Summer Budget 2015


The Chancellor of the Exchequer delivered his 2015 Summer Budget on 8 July 2015. 

This is a summary of the announcements on tax and related matters.  The Budget documents include details of changes which have been announced previously.  This summary focuses on new announcements. 

The Budget announcements and publications can be found on GOV.UK on the Summer Budget 2015 home page.  There is also a page with links to all the HMRC tax-related documents and announcements. 

The Summer Finance Bill (FB) will be published on 15 July 2015. 

Rates and allowances 

The government proposes to increase the personal allowance to £12,500 by the end of the current parliament.   The personal allowance in 2015/2016 is £10,600.  This will increase to £11,000 for 2016/2017 and £11,200 for 2017/2018. 

The age allowance for those born before 6 April 1938 will be removed from 2016/2017 onwards as announced in March 2015.

The income tax basic rate band for 2015/2016 is £31,785 with a 0% starting rate band of £5,000 for certain types of savings income.


Year                                                      2015/16           2016/17            2017/18 

                                                                        £                          £                         £

Standard personal allowance                       10,600                  11,000                  11,200

Basic rate band of 20% of income                 31,785                 32,000                  32,400

Higher rate 40% threshold                            42,385                 43,000                  43,600

Additional rate of 45% on income over        150,000               150,000                 150,000


A new tax-free dividend allowance of £5,000 is to be introduced from 2016 as part of the reform of the taxation of dividends. 

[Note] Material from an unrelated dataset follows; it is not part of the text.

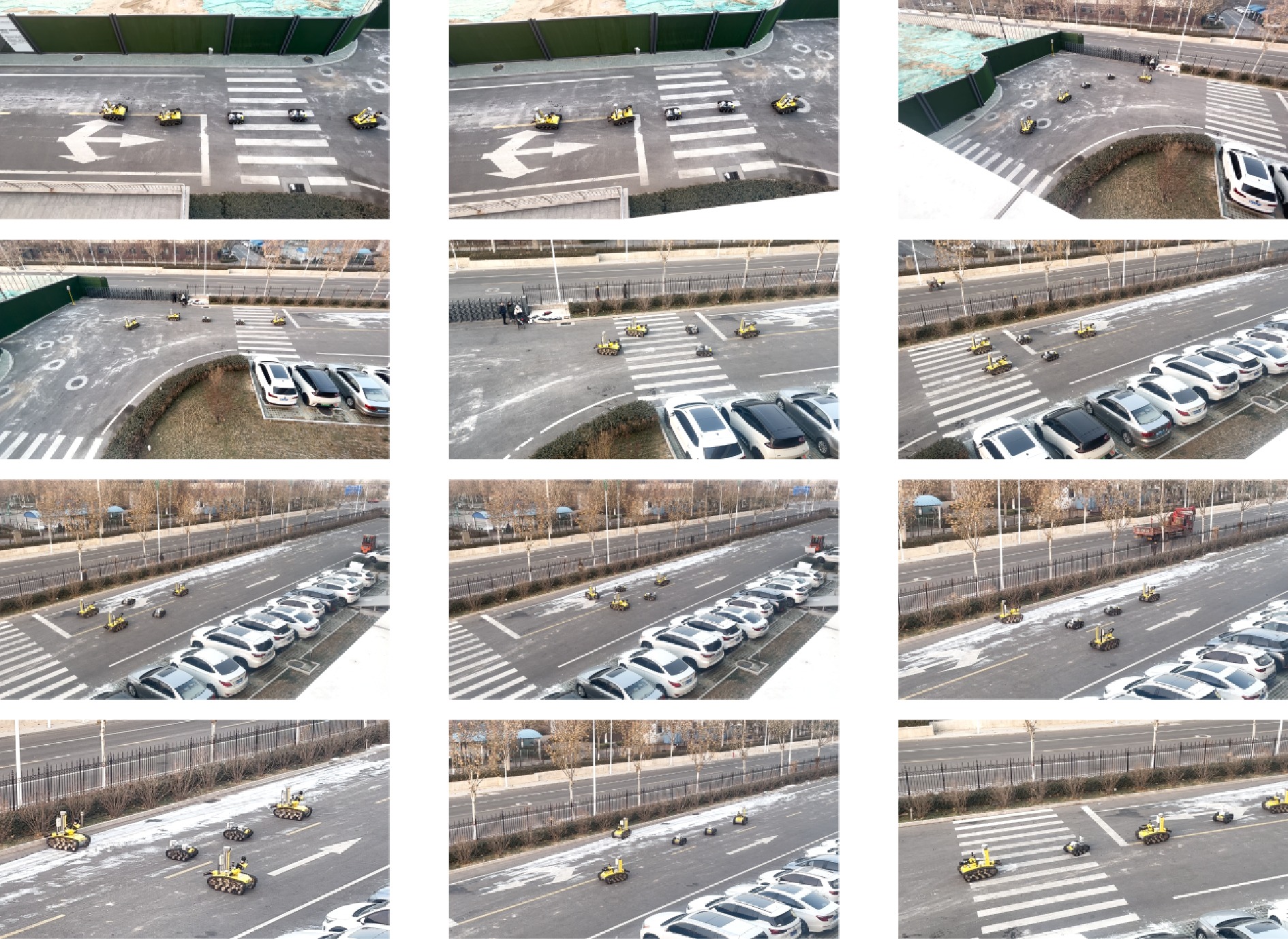 复杂火灾场景下传统消防手段存在全局感知能力不足、协同能力弱等问题, 因此提出一种基于无人机空中引导的多消防机器人协同作业系统. 通过构建空−地异构协同架构, 融合无人机全局态势感知与地面消防机器人精准作业能力, 实现火灾动态环境下的高效协同灭火. 通过融合先验地图、高空侦察信息和多视角观测信息, 构建适用于灭火指控的多图层火场地图, 在保障关键信息获取的同时兼顾建图效率. 同时结合水柱轨迹模型、多视角观测信息及结构层数据, 实现水柱轨迹和落点的准确检测. 然后设计队列式与多形态主从编队模式, 配合快速队形重构算法生成编队参考信号. 进而, 基于提出的柔性预定性能函数设计无人机位姿矢量控制器, 以及基于改进视距导引法设计多消防机器人编队控制器. 最后, 开展空−地多机协同控制算法的仿真验证, 并将系统集成到开诚RXB-MC80BD消防机器人上进行应用测试.

The inheritance tax (IHT) nil rate band is frozen at £325,000 until April 2021. 

The rate of corporation tax is currently 20%.  It will be reduced to 19% in 2017 and to 18% in 2020. 

End of permanent non-domicile status 

From April 2017, anyone who has been resident in the UK for 15 out of the last 20 years will be deemed to be UK-domiciled for all UK tax purposes, including inheritance tax (IHT). 

Also from April 2017, individuals who were born in the UK to parents who were domiciled here, and so at their date of birth had a domicile of origin in the UK, will no longer be able to claim non-domicile status for tax purposes when they are resident in the UK, even if under general law they have acquired a domicile in another country. 

Individuals affected will be liable to tax on an arising basis on worldwide income and IHT on worldwide personal assets, and they will no longer be able to use the remittance basis. 

These proposals will affect the taxation of foreign-domiciled individuals whether UK-resident or non-UK-resident and trustees and beneficiaries of excluded property trusts.  It will not affect their domicile status under general law.

Non-domiciled individuals who have set up an offshore trust before they become deemed domiciled under the new 15-year rule will not be taxed on trust income and gains retained in the trust.  Excluded property trusts will have the same IHT treatment as at present (subject to changes to the tax treatment of UK residential property held through offshore companies and similar vehicles announced in the March 2015 Budget). 

However, such long-term residents will from April 2017 be taxed on benefits, capital or income received from such trusts on a worldwide basis. 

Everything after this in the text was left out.